Hi, I was doing RNA-Seq differential expression analysis, I wonder if some non-protein coding genes, such as lnc-rna or the Pseudogene, should be removed before analysis? Since the purpose is to reveal the expression difference of control and observe group, and to relate the difference with some known biological pathway/functions?
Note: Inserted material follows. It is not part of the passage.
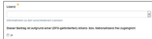
Lizenzangaben im Erschließungsprozess

Anschluss an die Auswahl der Lizenz kann markiert werden, ob der Beitrag im Rahmen der Open-Access-Klausel der Allianz- und Nationallizenzen zugänglich gemacht wurde.
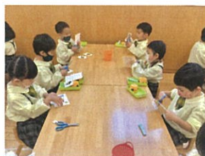
「1はじめの「はさみ」のワーク。 集中しています♡」

More information:The data I used was RNA-seq data (polyA enriched RNA with Illumina HiSeq). I mapped the reads to evidence-based annotation of the human genome (GRCh38) , version 24 (Ensembl 83), download from GENCODE. Finally, I got deferential expressed genes(DEGs). Then I am trying to converted these DEGs from ensemble id to hgnc symbol and search for their biological functions. However I found some of the genes, such as ENSG00000270000, ENSG00000257155, were lnc rna and do not have hgnc symbol. And I found they were not protein coding genes.

I wonder if I have done it wrong:(?

Thanks for your answer

22 months ago
michael.ante wrote:

Hi Hellocita,

Both genes you mentioned have a A-rich region at the cDNA's 3' site (e.g. ENSG00000257155 / ENST00000548096). Therefore, the polyA fishing / enrichment can result in reads from these transcripts.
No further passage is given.